Detection of Viral Contigs

We used VirSorter (v1.0.5) [https://github.com/simroux/VirSorter] as follows:

wrapper_phage_contigs_sorter_iPlant.pl 
  -f Virome_assembly.fasta 
  -db 1 
  --wdir /home/gbonilla/Documents/phages/spades/NEW/04_virsorter/Virome_virsorter
  --virome 
  --ncpu 30 
  --data-dir ./virsorter-data

Read Mapping

We used BBMap (v37.32) [https://jgi.doe.gov/data-and-tools/bbtools/bb-tools-user-guide/bbmap-guide/] to map virome reads to assembled contigs as follows:

~/bbmap/bbsplit.sh 
  build=1 ref=./virome/infile
~/bbmap/bbsplit.sh 
  build=1
  in=Virome_R1.fastq
  in2=Virome_R2.fastq
  ambiguous2=best 
  basename=%_BBsplit.sam 
  refstats=VR_refstats.OUT 
  nzo=f

And samtools (v1.9 using htslib 1.9) [https://github.com/samtools/samtools] to generate coverage depth profiles

for i in *sam; do
  samtools view -bh $i | samtools sort > ${i%.sam}_sorted.bam
  samtools index ${i%.sam}_sorted.bam
  samtools depth -a ${i%.sam}_sorted.bam > ${i%_bbsplitted.sam}_DEPTH.txt
  samtools idxstats ${i%.sam}_sorted.bam > ${i%_bbsplitted.sam}_IDXSTATS.txt
done

Clustering

We used vConTACT (v2.9.10)[https://bitbucket.org/MAVERICLab/vcontact2/src/master/] to cluster viral contigs as follows:

vcontact 
  -f 
  --raw-proteins virome_FINAL.prt 
  --rel-mode 'Diamond' 
  --proteins-fp prot_2_ctg_FINAL.csv 
  --db 'ProkaryoticViralRefSeq85-Merged' 
  --pcs-mode MCL 
  --vcs-mode ClusterONE 
  --c1-bin /usr/local/bin/cluster_one-1.0.jar 
  --output-dir vcontact_FINAL 
  --vc-penalty 1

The similarity network, analysed with Cytoscape (v3.7.2), is available as a cytoscape object in vConTACT_similarity_network.cys

ViralCluster Analysis

We calculated the Average Nucleotide and Aminoacid Identity for each ViralCluster with enveomics (v.1.1.4) [https://github.com/lmrodriguezr/enveomics], and analysed as described in ANIanalyses.

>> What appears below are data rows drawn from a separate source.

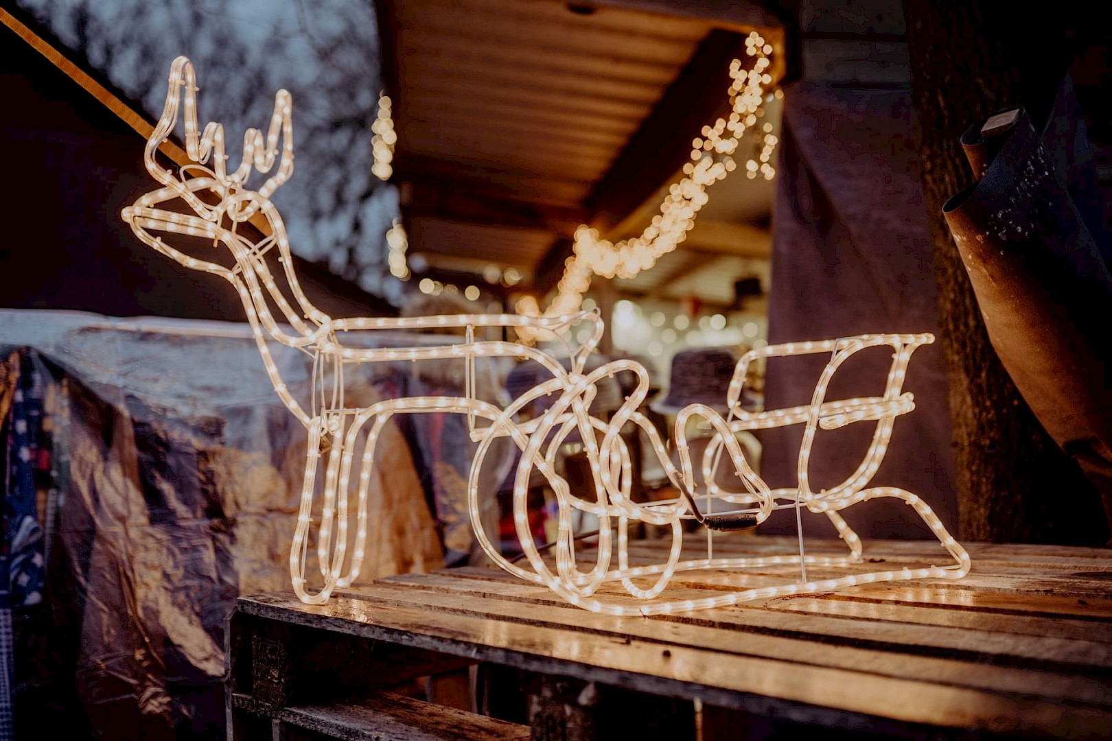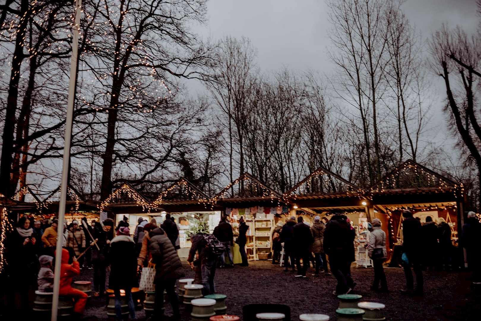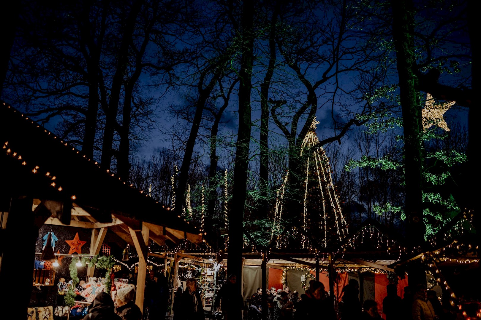 Mehr als eine Million Lichter tauchen das Waldstück und die umliegenden Plätze des Landguts in warmes, festliches Licht — ein Szenario, das als Winterwunderland wirklich bezaubert. Zwischen liebevoll dekorierten Holzhütten, Fachwerkgebäuden und verschlungenen Waldwegen erstreckt sich der Markt auf einer ca. 20.000qm großzügigen Freifläche, auf der Besucher durch stimmungsvolle Gassen flanieren können.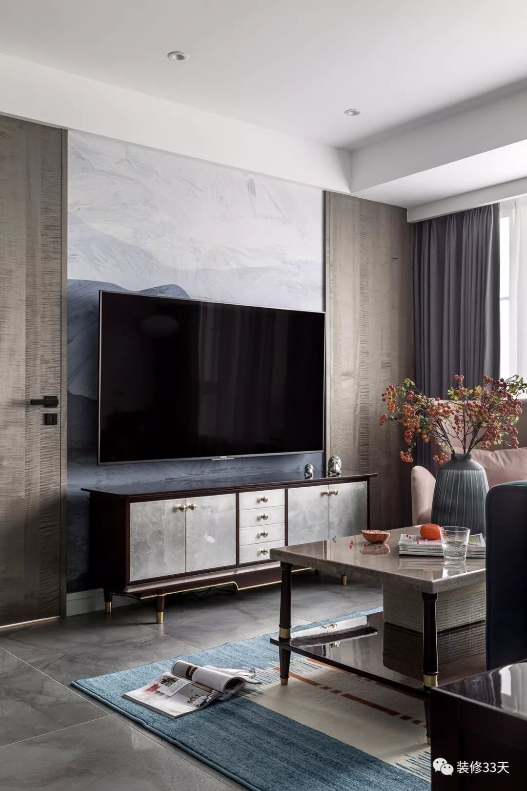 ▲ 采用木皮结合定制壁画打造对称式电视背景,左侧隐藏客房门片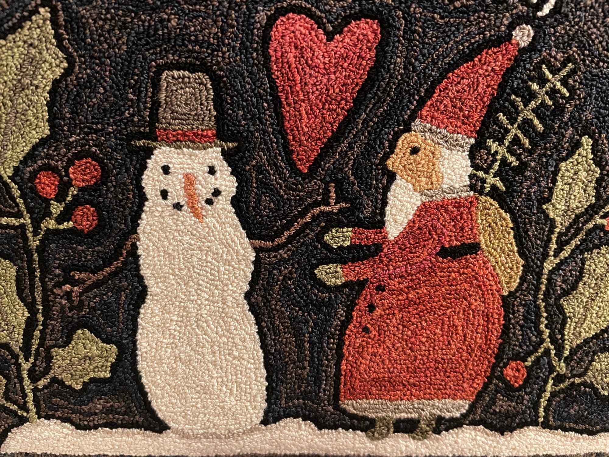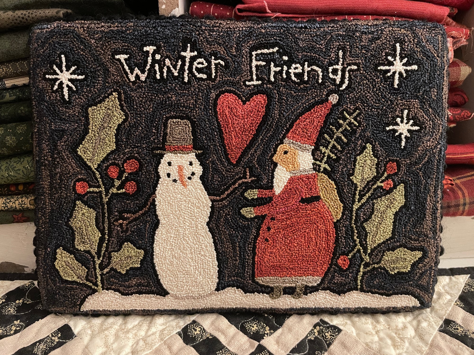 Winter Friends Primitive Punch Needle Decorative Folk Art Mat/Mini Rug~~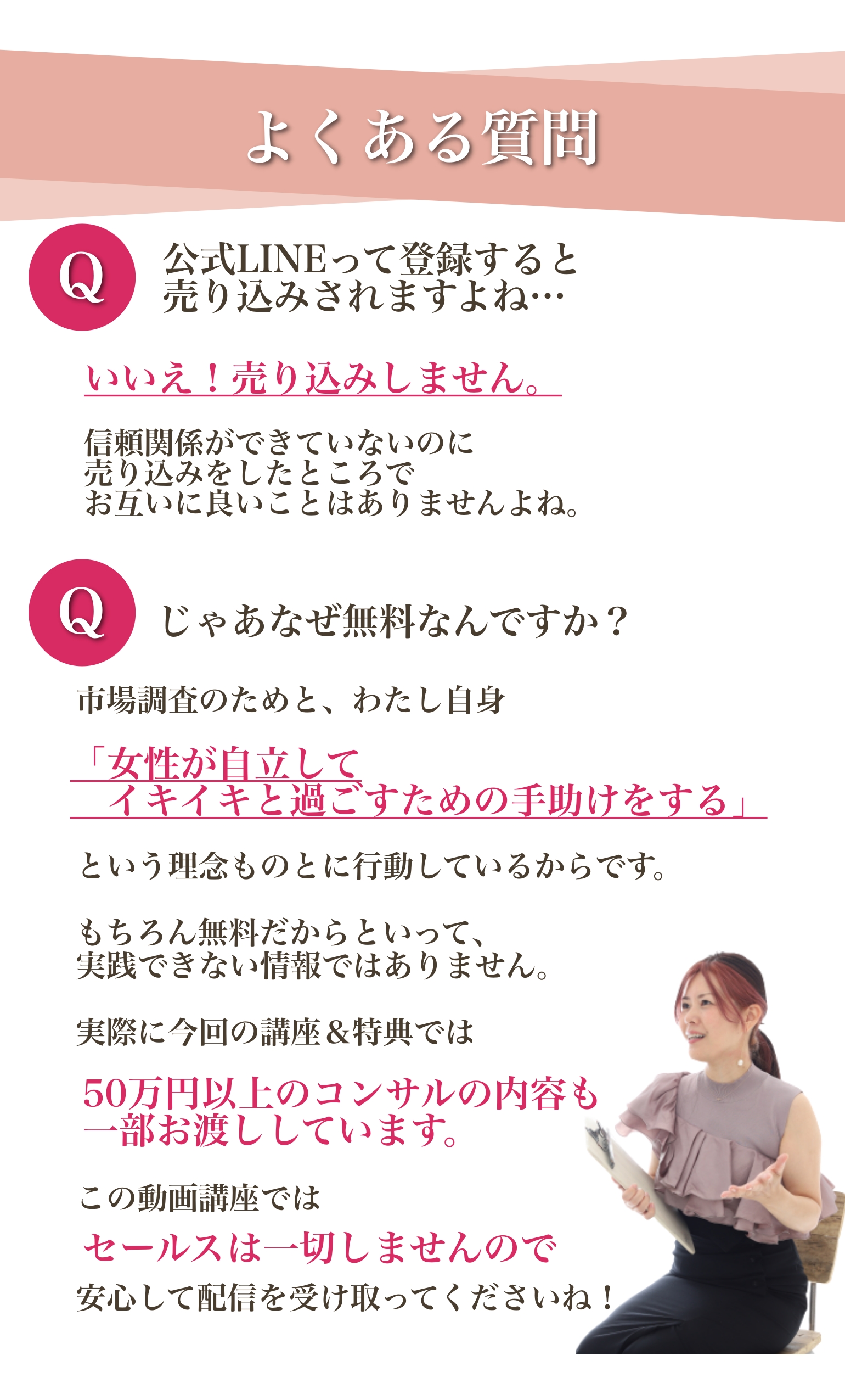 発信して結局お金を頂くから何が有料のもので、何が無料のものかの境目が分からなかったので、あとペルソナ決めとか、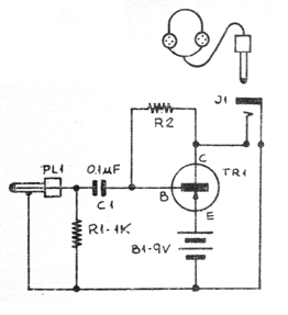 Este circuito está destinado a la amplificación de señales para auriculares piezoeléctricos o de cristal. Hemos logrado este circuito en una antigua publicación argentina de los años 1970. El transistor también funciona con auriculares magnéticos de impedancia por encima de 500 ohms. El resistor debe ser obtenido experimentalmente entre 22k y 220k según el auricular utilizado y el transistor, que puede ser un BC558 en lugar del tipo original de germanio.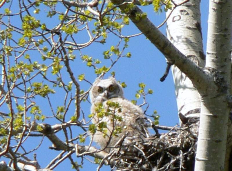 Unsere Uhufamilie hat ihr Nest schon wieder verlassen, von den beiden Kindern hatte bis dahin nur eines ueberlebt. Walter hat es aus der Ferne erwischt:

Read Recruitment to ViralClusters

We used BBMap (v37.32) [https://jgi.doe.gov/data-and-tools/bbtools/bb-tools-user-guide/bbmap-guide/] to map virome reads against contigs grouped in Viral Clusters...

bbsplit.sh 
  build=175
  in=~/Documents/phages/spades/NEW/02_decontaminate/Grammon2017_R1_decont.fastq
  in2=~/Documents/phages/spades/NEW/02_decontaminate/Grammon2017_R2_decont.fastq
  ambiguous2=all
  minid=0.9
  basename=%_BBsplit.sam 
  bs=GR_shellscriptfile.OUT 
  refstats=GR_refstats.OUT 
  nzo=f
  threads=40

bbsplit.sh 
  build=175
  in=~/Documents/phages/spades/NEW/02_decontaminate/LeDroite2018_R1_decont.fastq
  in2=~/Documents/phages/spades/NEW/02_decontaminate/LeDroite2018_R2_decont.fastq
  ambiguous2=all
  minid=0.9
  basename=%_BBsplit.sam 
  bs=LD_shellscriptfile.OUT 
  refstats=LD_refstats.OUT 
  nzo=f
  threads=40

And then caclulated skewness with ctgEvenness.py:

for i in *sam; do
  samtools view -bh $i | samtools sort > ${i%.sam}_sorted.bam
  samtools index ${i%.sam}_sorted.bam
  samtools depth -a ${i%.sam}_sorted.bam > ${i%_bbsplitted.sam}_DEPTH.txt
  samtools idxstats ${i%.sam}_sorted.bam > ${i%_bbsplitted.sam}_IDXSTATS.txt
  echo "contig  ctgLen  totReads(CoverageDensity)   coverdBases percGenomeCov   covMedian   obsEve  equitability    covCVar covKurto    covSkew"
  python ctgEvenness.py $i >> ${i}.ctgStats
done
cat *ctgStats > 0Mapping_Summary_GR.tsv

#and then calculate the number of bases within each vcluster:
cd ~/Documents/phages/spades/NEW/09_vcmaps/infiles
for i in *fasta; do 
  echo -n "${i} "
  grep -v ">" ${i} | wc | awk '{print $3-$1}'
done

Mapping reads from Bacterial Metagenomes

We used BBMap (v37.32) [https://jgi.doe.gov/data-and-tools/bbtools/bb-tools-user-guide/bbmap-guide/] to map reads from 73 bacterial metagenomes against contigs grouped in Viral Clusters...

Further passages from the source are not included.